Нападки на колдовство вплоть до рубежа XI–XII веков сосредотачивались скорее на искоренении ложной веры в колдовство, нежели на искоренении его самого. Начиная примерно с XII века основную угрозу стали видеть в самих ведьмах, а не в вере в их существование. В период высокого и позднего Средневековья вера в ведьм превратилась из веры в людей, которые способны колдовать, в веру в людей, которые поклоняются дьяволу или состоят в сговоре с ним – иными словами, сатанизм подменил колдовство. В период с 1300 по 1500 год две трети осужденных за колдовство были женщинами, причем в начале этого периода их доля была меньше, а в конце – больше. Масштабная охота на ведьм – не средневековый феномен: она началась в XVI веке.

Однако в XV веке начала расти вера в ведьм и страх перед ними. В трактате Malleus Maleficarum («Молот ведьм»), написанном двумя немецкими монахами доминиканского ордена не позднее 1487 года, помещены нападки на ведьм в рамки давней женоненавистнической традиции, включающей идеи о женской сексуальной ненасытности и то, что они представляют собой угрозу мужчинам. Женщины больше мужчин склонны к колдовству, поскольку:


Они легковерны. Демон жаждет главным образом испортить веру человека. Этого легче всего достигнуть у женщин… Они скорее подвержены воздействию со стороны духов вследствие естественной влажности свого сложения… женщины имеют недостатки как в душе, так и в теле… Ведь женщина более алчет плотских наслаждений, чем мужчина, что видно из всей той плотской скверны, которой женщины предаются… Почти все государства были разрушены из-за женщин… По природе женщина лжива… Она жалит и ласкает в одно и то же время… Всё совершается у них из ненасытности к плотским наслаждениям…[183]


Традиционные атаки на женщин со ссылками на авторитеты здесь подкреплены тем, что женщин связывают с колдовством, и особый акцент делается на их сексуальности.

Согласно «Молоту ведьм», среди всех прочих способов навредить мужчинам для ведьм доступна возможность наложить на них заклятие, чтобы мужчины считали, что у них пропал член.
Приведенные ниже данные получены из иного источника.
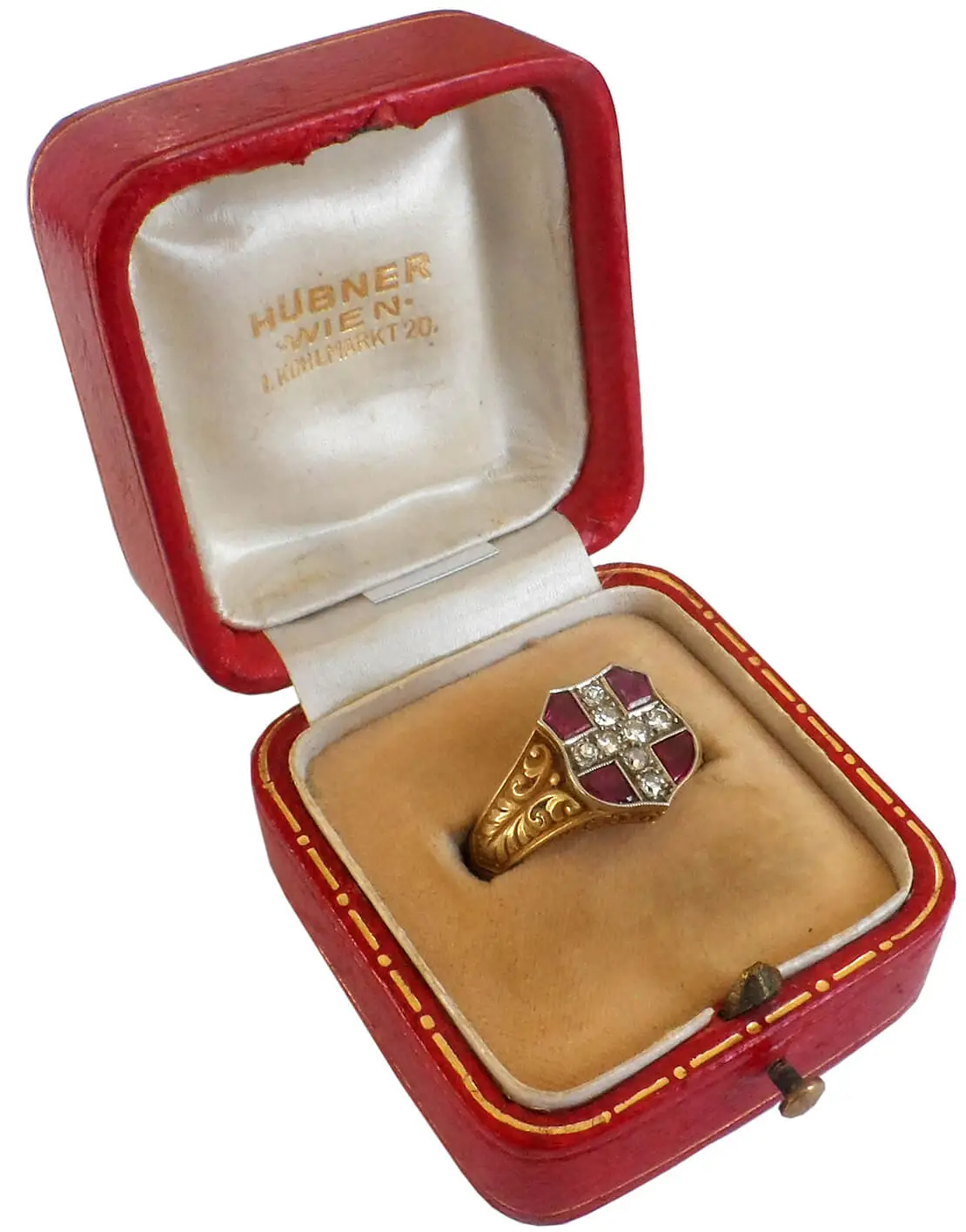 Mit dem Entwurf und der Herstellung wurde der Juwelier M. Hübner (Wien 1, Kohlmarkt 20) beauftragt. Der abgebildete Ring besteht aus 14 Karat Gold und trägt an der Innenseite neben der „585“-Feingehaltspunze die dazu korrespondierende Pferdekopfpunze „W“ (ab 1925) sowie die schlecht lesbare Herstellerpunze des Juweliers (Hübner?). An der Innenseite des Ringes befindet sich die handgeschnittene Gravur „Ehrengabe der Stadt Wien“ mit dem Zusatz des jeweiligen Jahres der Verleihung. Das aufgelegte Wiener Wappen besteht aus 8 Brillanten und 4 Rubinen. Der Ring wurde in einem roten Lederetui mit dem Innenaufdruck: „HÜBNER/·WIEN·/I, KOHLMARKT 20.“ verliehen.

Ведьм не обвиняют в том, что они в самом деле удаляют мужские гениталии, но эффект в конечном счете тот же самый: «по мнению страдальца, это совершенно не иллюзия»[184]. Более того, авторы, пожалуй, слишком сильно напирают на то, что это иллюзия, в то же время пересказывая истории, которые подразумевают, что это не так.


Наконец, что нужно думать о тех ведьмах, которые такие члены в большом количестве, до двадцати или тридцати членов зараз, скрывают в птичьем гнезде или ящике, где они движутся, как живые, и принимают пищу, что многие видели и что повсеместно известно? На это следует сказать, что все это делается дьявольским наваждением и действием, так как чувства зрителей обманываются вышеуказанными способами. Некто рассказывал, что когда он потерял член и обратился за восстановлением своего здоровья к ведьме, та приказала ему подняться на дерево и из находившегося там гнезда, в котором лежало большое количество членов, взять себе один. Когда тот хотел взять из них один побольше, ведьма сказала: «Нет, этот не тронь, – и при этом добавила: – он принадлежит одному попу»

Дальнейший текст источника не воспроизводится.